Listed entries:

* * * * * * * * *

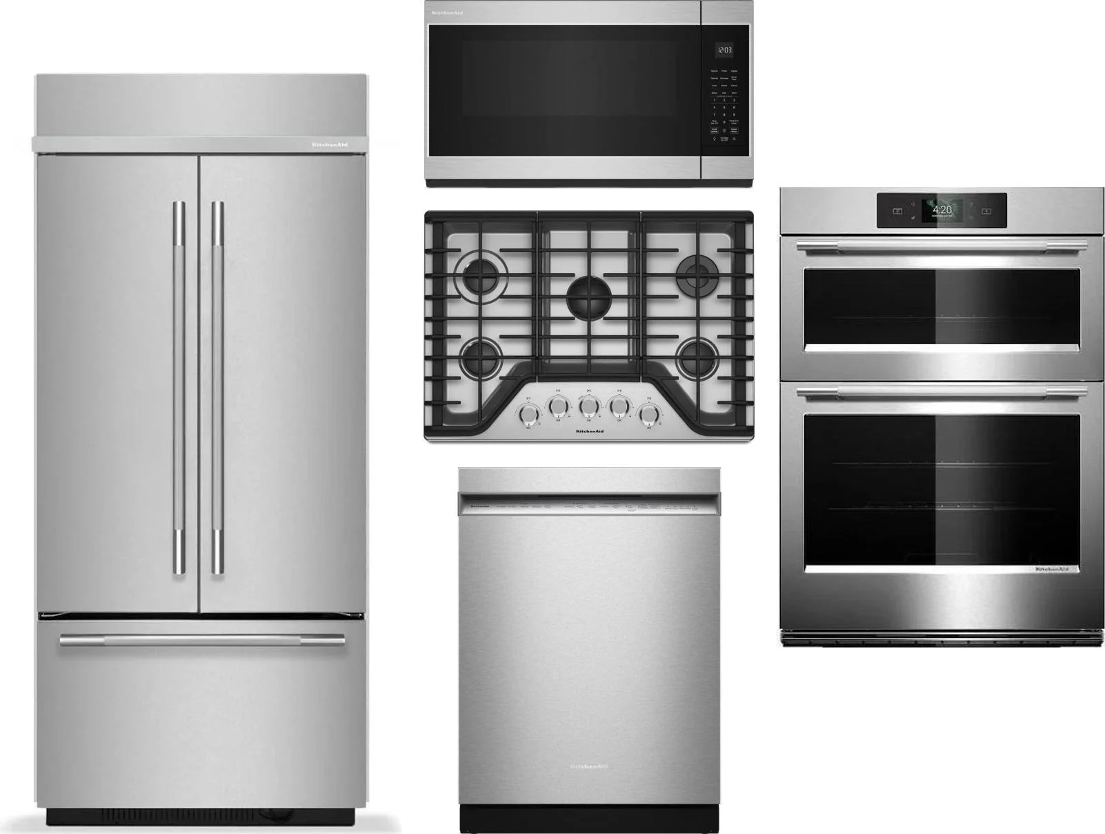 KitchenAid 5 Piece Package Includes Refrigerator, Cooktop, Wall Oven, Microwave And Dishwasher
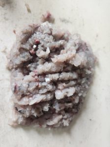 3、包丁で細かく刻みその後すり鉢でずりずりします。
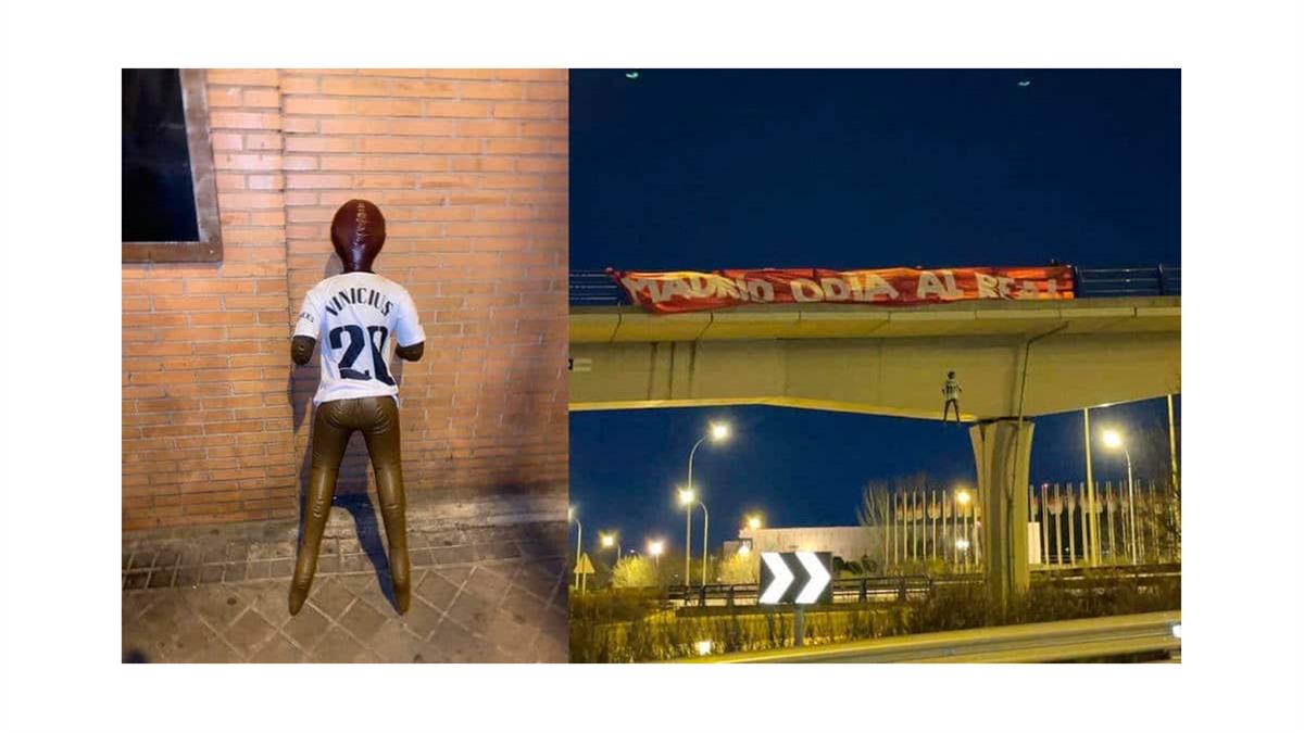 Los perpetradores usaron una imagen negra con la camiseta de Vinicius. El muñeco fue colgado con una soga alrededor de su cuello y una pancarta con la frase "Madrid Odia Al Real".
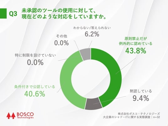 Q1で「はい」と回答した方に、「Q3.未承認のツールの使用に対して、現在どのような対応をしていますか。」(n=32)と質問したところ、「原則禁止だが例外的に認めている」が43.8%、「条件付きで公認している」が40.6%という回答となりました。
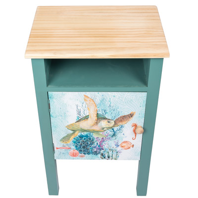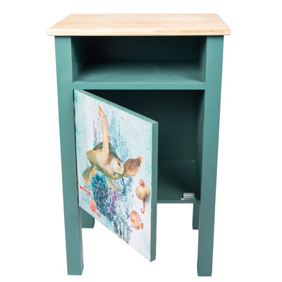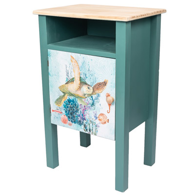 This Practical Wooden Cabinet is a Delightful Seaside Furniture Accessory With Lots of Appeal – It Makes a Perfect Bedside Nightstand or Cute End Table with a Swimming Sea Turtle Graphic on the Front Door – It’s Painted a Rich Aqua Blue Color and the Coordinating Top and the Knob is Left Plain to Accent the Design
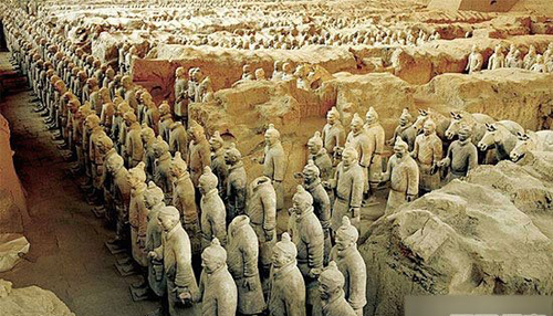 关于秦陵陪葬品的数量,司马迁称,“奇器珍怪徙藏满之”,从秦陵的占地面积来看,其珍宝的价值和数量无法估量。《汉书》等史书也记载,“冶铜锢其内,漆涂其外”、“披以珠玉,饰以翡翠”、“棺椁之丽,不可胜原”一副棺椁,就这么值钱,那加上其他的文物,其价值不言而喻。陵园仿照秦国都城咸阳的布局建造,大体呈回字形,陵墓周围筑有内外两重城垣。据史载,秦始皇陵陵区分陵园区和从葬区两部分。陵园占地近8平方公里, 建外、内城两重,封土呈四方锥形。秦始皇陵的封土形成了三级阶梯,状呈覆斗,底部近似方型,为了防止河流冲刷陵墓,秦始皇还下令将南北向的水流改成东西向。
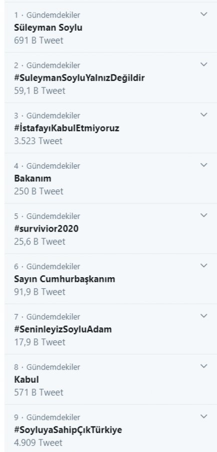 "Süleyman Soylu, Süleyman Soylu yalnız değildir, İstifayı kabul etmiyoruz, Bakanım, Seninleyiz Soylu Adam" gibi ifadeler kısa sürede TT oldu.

* * * * * * * * *

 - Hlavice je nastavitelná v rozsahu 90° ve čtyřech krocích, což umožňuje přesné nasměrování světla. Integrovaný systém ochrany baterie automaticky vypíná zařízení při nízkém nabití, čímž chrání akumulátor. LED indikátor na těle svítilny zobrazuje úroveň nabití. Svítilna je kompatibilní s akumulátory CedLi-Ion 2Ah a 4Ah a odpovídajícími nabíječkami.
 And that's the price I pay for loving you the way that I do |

* * * * * * * * *

Directions for this task: With the pictures left out, write out exactly the lines above from the one containing "KitchenAid 5 Piece" through the one containing "Q1で「はい」と回答した方に".

Result:
 KitchenAid 5 Piece Package Includes Refrigerator, Cooktop, Wall Oven, Microwave And Dishwasher
 3、包丁で細かく刻みその後すり鉢でずりずりします。
 Los perpetradores usaron una imagen negra con la camiseta de Vinicius. El muñeco fue colgado con una soga alrededor de su cuello y una pancarta con la frase "Madrid Odia Al Real".
 Q1で「はい」と回答した方に、「Q3.未承認のツールの使用に対して、現在どのような対応をしていますか。」(n=32)と質問したところ、「原則禁止だが例外的に認めている」が43.8%、「条件付きで公認している」が40.6%という回答となりました。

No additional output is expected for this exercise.